Health-ORSC-Bench: Unified Health AI Benchmark
- Health-ORSC-Bench is a suite of benchmark frameworks that unify operational research and safety-critical evaluations in healthcare, covering LLM safety, OR scheduling, and causal inference.
- It employs challenge-based metrics such as over-refusal and safe completion rates, resource efficiency in scheduling, and kernel-based tests to assess causal estimations under censoring.
- The frameworks facilitate reproducible, domain-specific evaluations that drive methodological advancements and robust algorithm deployment in critical healthcare applications.
Health-ORSC-Bench denotes multiple benchmark frameworks unified by their focus on operational research and safety-critical evaluation in healthcare, with applications spanning LLM safety calibration, resource-constrained operating room scheduling, and causal inference under censoring.
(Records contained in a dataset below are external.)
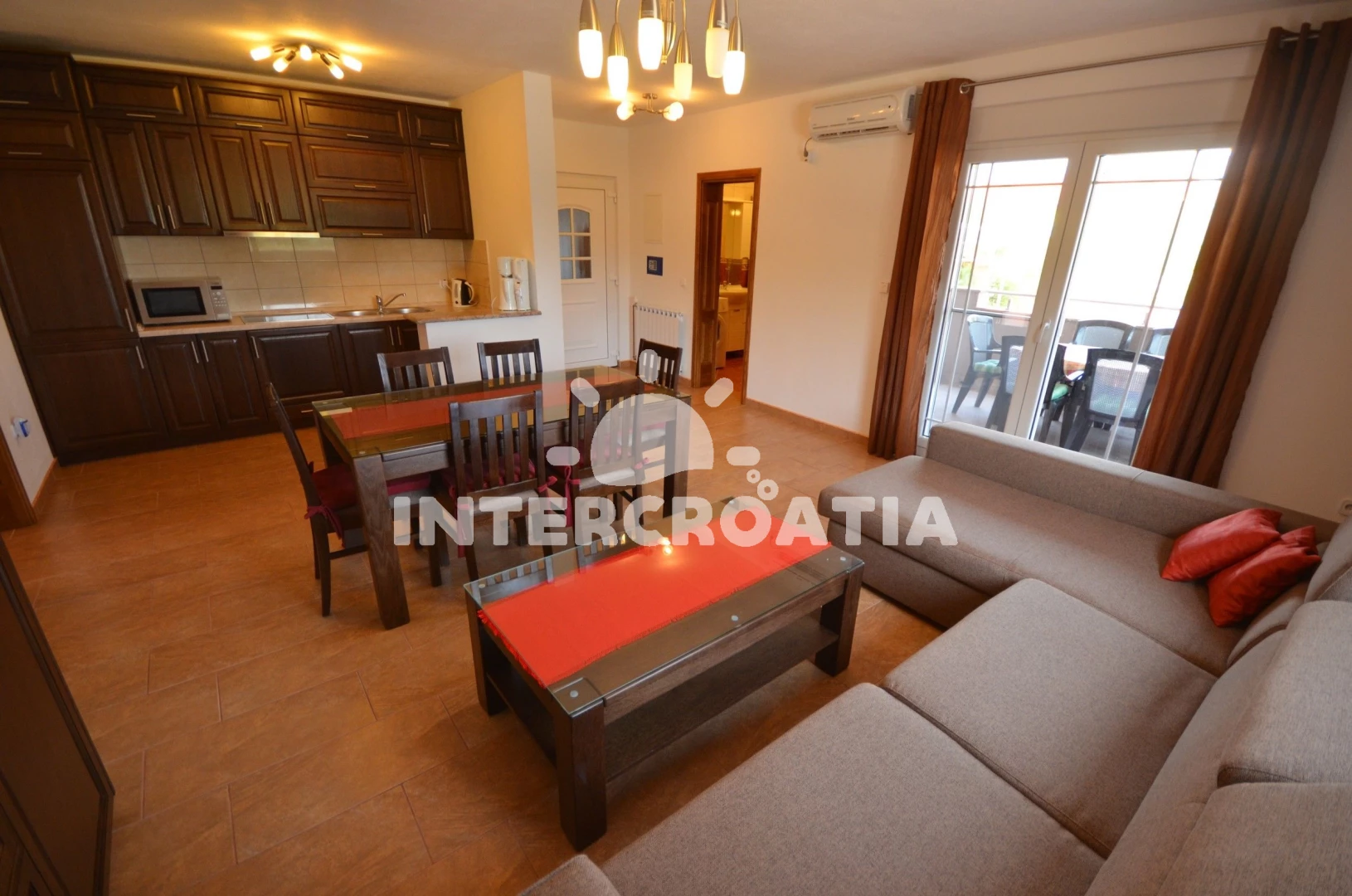 Apartmán (80 m2) s balkonem. Nachází se v 1. patře objektu. Apartmán má 2 ložnice a je vhodný pro až 4 osoby. Kuchyňská linka je vybavena varnou deskou, kávovarem, toustovačem, mikrovlnnou troubou, rychlovarnou konvicí, nádobím, lednicí, mrazákem. V obývací místnosti je rozložitelná pohovka (extra lůžko pro osoby). K dispozici televize se satelitním programem, žehlička. První ložnice s dvoulůžkem. Druhá ložnice s dvoulůžkem. Koupelna se sprchovým koutem, umyvadlem, fénem a WC.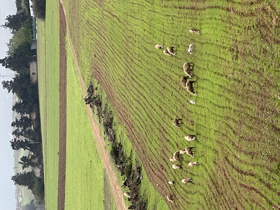 The image displays an agricultural landscape situated within the vicinity of Salé, Morocco, under an overcast sky. In the foreground and midground, approximately 25 sheep and several lambs are observed grazing on a cultivated field composed of parallel rows of nascent green crops. Sections of bare, dark soil are visible between the rows and in the lower left. A dirt track runs diagonally across the midground, separating a parcel of land containing scattered refuse and debris from another expansive green field. The background features a linear arrangement of dark evergreen trees, partially obscuring distant structures, including a light-colored building with a discernible window opening. Faint outlines of distant hills and a power line pylon are visible in the far background. No human subjects are present.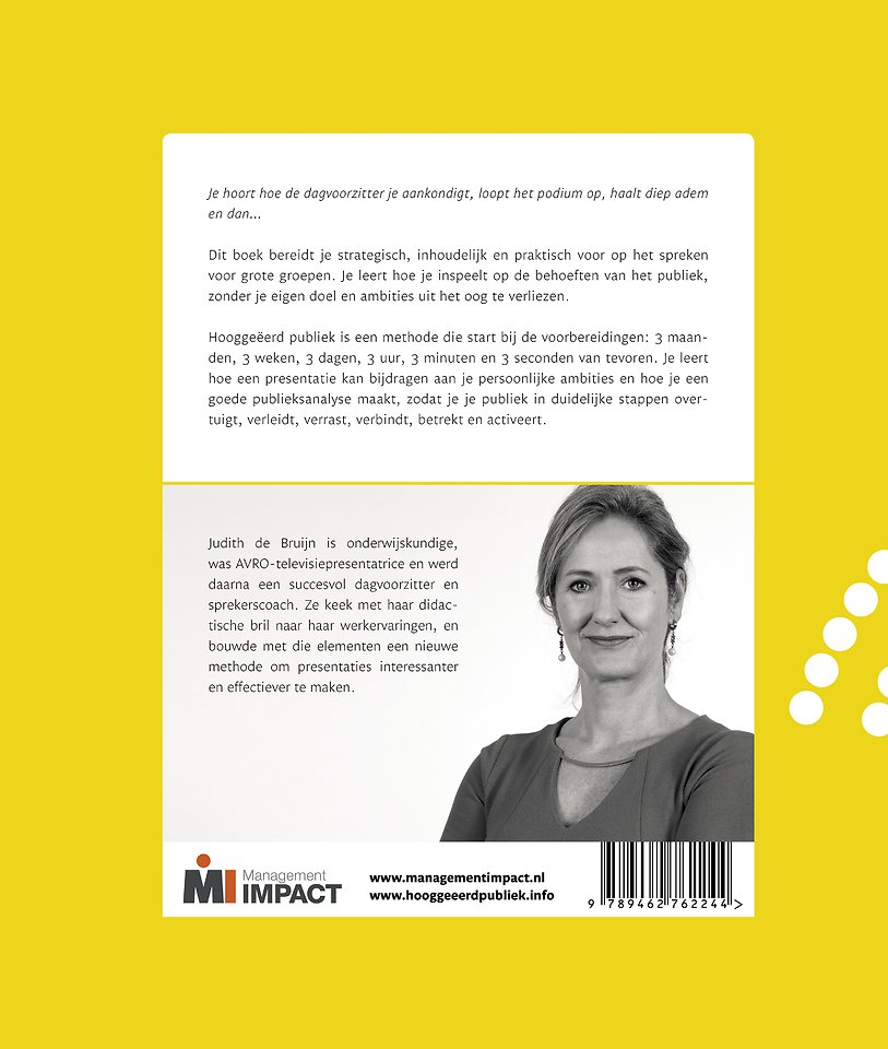 Hooggeëerd publiek is een methode die start bij de voorbereidingen: 3 maanden, 3 weken, 3 dagen, 3 uur, 3 minuten en 3 seconden van tevoren. Je leert hoe een presentatie kan bijdragen aan je persoonlijke ambities en hoe je een goede publieksanalyse maakt, zodat je je publiek in duidelijke stappen overtuigt, verleidt, verrast, verbindt, betrekt en activeert.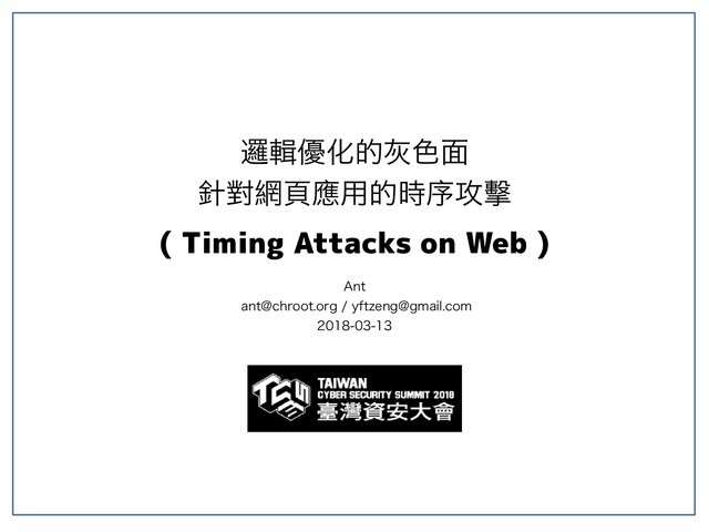 邏輯優化的灰色面 針對網頁應用的時序攻擊 ( Timing Attacks on Web ) Ant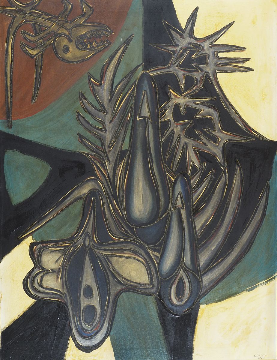Sabino Coloni Trieste 1931-1975 "Ecologia diversa" cm. 70x60 - olio su tela Firmato b. a d. e datato '69.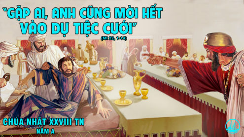 Những người được mời đã không đáng được tham dự tiệc cưới, vì họ đã coi thường đức vua của họ. Chúng ta biết lời mời cao hơn mâm cỗ. Vua đã đích thân gởi thiệp mời đến dự tiệc cưới. Thiên Chúa yêu thương mời gọi mỗi người chúng ta đến dự tiệc cưới Nước Trời. Tiệc cưới này được chuẩn bị ngay trên trần thế. Đây là bữa tiệc Thánh Thể được cử hành mỗi ngày nơi các giáo xứ. Nơi đây chúng ta sẽ được nuôi dưỡng bằng Lời và Mình Máu Thánh Chúa. Bánh trường sinh nuôi dưỡng linh hồn và dẫn bước chúng ta vào tiệc vui Nước Trời mai sau. Chúng ta hãy mau mắn đáp lời mời gọi của Chúa. Hãy ăn mặc tươm tất, chuẩn bị chu đáo và dành thời gian quí để cùng chia sẻ niềm vui chung với cộng đoàn dân Chúa.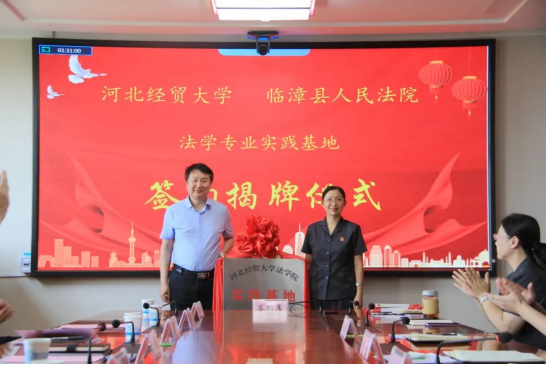 随后,姜霜和胡海涛共同签署了合作协议,并为法学专业实践基地揭牌。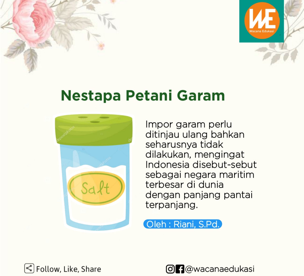 Dilansir dari Kompas.com. Petani garam yang tergabung dalam Himpunan Masyarakat Petambak Garam (HMPG) minta pemerintah untuk mengkaji ulang kebijakan impor garam yang tahun ini ditetapkan sebanyak 3,07 juta ton. Ketua Umum HMPG Mohammad Hasan di Surabaya, Kamis, mengatakan, kuota garam impor yang ditetapkan pemerintah tersebut lebih besar dibanding pada 2020 yang berjumlah 2,7 juta ton. “Sementara stok garam rakyat tahun lalu sebanyak 1,3 juta ton dan stok garam perusahaan pengolah garam yang diimpor tahun 2020 sampai sekarang masih menumpuk,” kata dia, dilansir dari Antara, Jum’at (26/3/2021).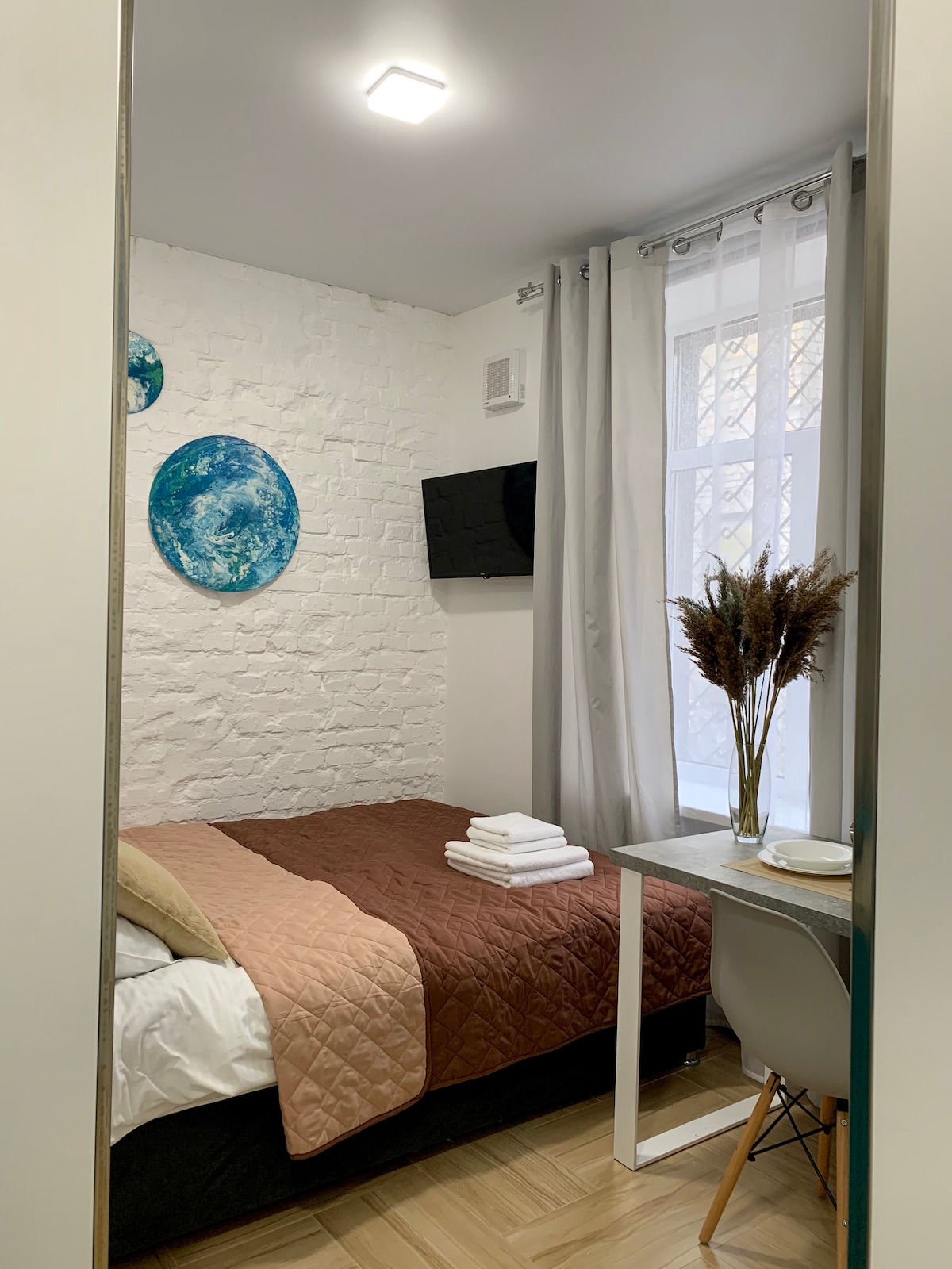Apartemen yang aman dan cerdas di dekat stasiun kereta api. Tanpa jendela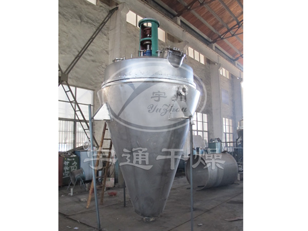 該設備主體立式靜止,內(nèi)部加熱的螺帶進行圓周攪拌提升運動,物料進入干燥腔體后利用夾套和攪拌螺帶對物料接觸加熱,物料被螺帶有序的攪動,翻轉、提升、瀑落,使物料不斷的與加熱腔壁接觸而進行強制熱交換,受熱揮發(fā)的溶媒在真空狀態(tài)下被抽走,從而達到快速干燥的目的。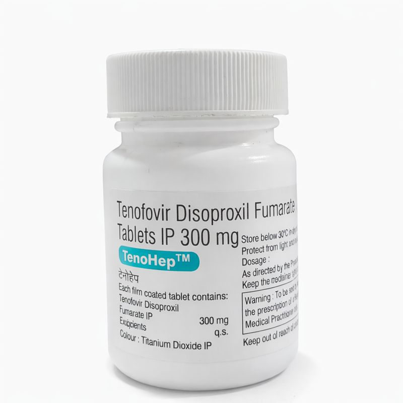 TenoHep 300 mg Tablet contains Tenofovir Disoproxil Fumarate (TDF) 300 mg, a well-established antiviral medicine used in the management of HIV-1 infection and chronic hepatitis B (HBV). It belongs to the class of nucleotide reverse transcriptase inhibitors (NRTIs) and is prescribed as part of combination therapy under medical supervision.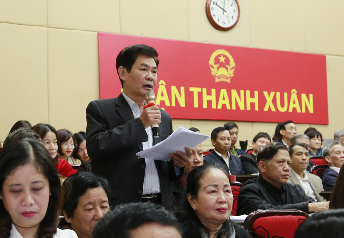 Cử tri quận Thanh Xuân phát biểu tại buổi tiếp xúc

These frameworks enable rigorous, domain-specific, and reproducible benchmarking across distinct subfields, filling critical gaps in the evaluation of algorithmic solutions to healthcare challenges.
1. Origins and Conceptual Scope
The term “Health-ORSC-Bench” has been applied to unrelated but methodological intensive initiatives:
- In LLM safety, Health-ORSC-Bench (Zhang et al., 25 Jan 2026) formalizes the systematic test of over-refusal and safe completion for health-related dialogue, targeting model calibration at intent boundaries.
- In hospital operations, Health-ORSC-Bench (Dodaro et al., 2021) describes a parameterized suite for evaluating Answer Set Programming (ASP) solutions to Operating Room Scheduling (ORS) with integrated bed management and rescheduling under disruptions.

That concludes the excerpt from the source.